Construction of the UASTEF(2)-UAS1B8-TEF-hrGFP expression cassette

A BstBI/EcoRI digested UASTEF fragment amplified with primers JB440/441 was inserted 5′ of the UAS1B8 region of pUC-UAS1B8-TEF to form pUC-UASTEF-UAS1B8-TEF. Promoter UASTEF-UAS1B8-TEF was extracted with BstBI/AscI and inserted into pMCS-hrGFP, and a final 5′ UASTEF fragment was added with XmaI/BstBI to create pMCS-UASTEF(2)-UAS1B8-TEF-hrGFP (Fig. 1b).

Dissection of the TEF upstream region

Twenty-two overlapping fragments spanning the UASTEF region were inserted 5′ of the TEF(136) minimal promoter in plasmid pMCS-TEF(136)-hrGFP with XmaI/BstBI digests to form plasmids pMCS-UASTEF#1-TEF(136)-hrGFP through pMCS-UASTEF#22-TEF(136)-hrGFP. Primer pairs JB442/443, JB442/508, JB442/509, JB442/510, and JB442/511 amplified fragments UASTEF#1through UASTEF#5. JB503/443, JB503/507, JB503/508, JB503/510, and JB503/511 amplified fragments UASTEF#6 through UASTEF#10. JB504/443, JB504/509, and JB504/511 amplified fragments UASTEF#11 through UASTEF#13. JB505/507, JB505/508, JB505/510, and JB505/511 amplified fragments UASTEF#14 through UASTEF#17. Finally, JB506/443, JB506/507, JB506/508, JB506/510, and JB506/511 amplified fragments UASTEF#18 through UASTEF#22 (Fig. 4a).

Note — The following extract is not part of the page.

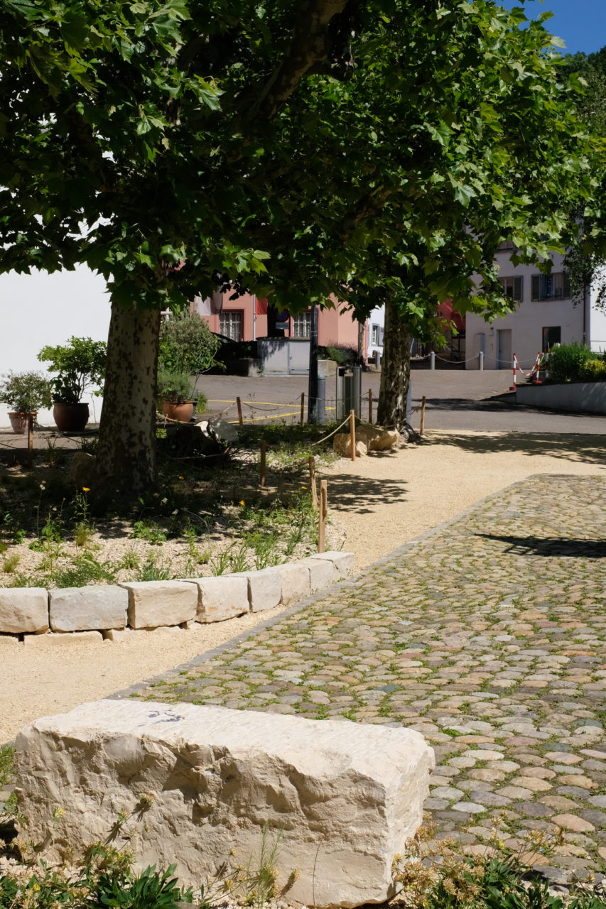 Die Umgestaltung orientiert sich am Schwammstadt-Prinzip: Wasserdurchlässige Beläge, kleine Kalksteinmauern und eine vielfältige Bepflanzung mit einheimischen Wildstauden ermöglichen es, Regenwasser besser im Boden zu speichern. Gleichzeitig wird der Platz ökologisch deutlich aufgewertet – ein Beitrag zur Biodiversität und zum Stadtklima.

Construction of library of UASTEF#2(n)-TEF(136) hrGFP expression cassettes

An initial UASTEF#2 region amplified by primers JB544/537 was inserted into plasmid pUC-UAS1B8-TEF(136) in place of UAS1B8 with EcoRI/HindIII to form plasmid pUC-UASTEF#2(1)-TEF(136). Second (primers JB546/539) and third UASTEF#2 (JB548/541) elements were inserted into pUC-UASTEF#2(1)-TEF(136) with EcoRI/BamHI and then EcoRI/XbaI digests to create pUC-UASTEF#2(2)-TEF(136) and then pUC-UASTEF#2(3)-TEF(136), respectively. To enable plasmid construction, a multicloning site annealed together from JB630/631 was inserted into p416-MCS-yECitrine (Blazeck et al. 2012) to created plasmid pTMCS. A 737-bp fragment containing three tandem UASTEF#2 elements in series amplified from pUC-UASTEF#2(3)-TEF(136) plasmid DNA with primers JB620/621 was inserted twice sequentially into pTMCS, first using SalI-HF/HindIII then SphI-HF/EcoRI-HF to create plasmids pTMCS-UASTEF#2(3) and pTMCS-UASTEF#2(6). This same 737-bp fragment, digested with SphI/EcoRI, was inserted into the three pUC-UASTEF#2(1, 2, and 3)-TEF(136) plasmids to create plasmids pUC-UASTEF#2(4, 5, and 6)-TEF(136). The six promoters—UASTEF#2(1)-TEF(136) through UASTEF#2(6)-TEF(136)—were BstBI/AscI-extracted and inserted into pMCS-hrGFP to create pMCS-UASTEF#2(1)-TEF(136)-hrGFP through pMCS-UASTEF#2(6)-TEF(136)-hrGFP. Three or six UASTEF#2 tandem repeats were BstBI/XmaI extracted from pTMCS-UASTEF#2(3) or pTMCS-UASTEF#2(6) and inserted into pMCS-UASTEF#2(6)-hrGFP to create pMCS-UASTEF#2(9)-TEF(136)-hrGFP and pMCS-UASTEF#2(12)-TEF(136)-hrGFP, completing UASTEF#2(n)-TEF(136)-hrGFP library construction (Fig. 1c).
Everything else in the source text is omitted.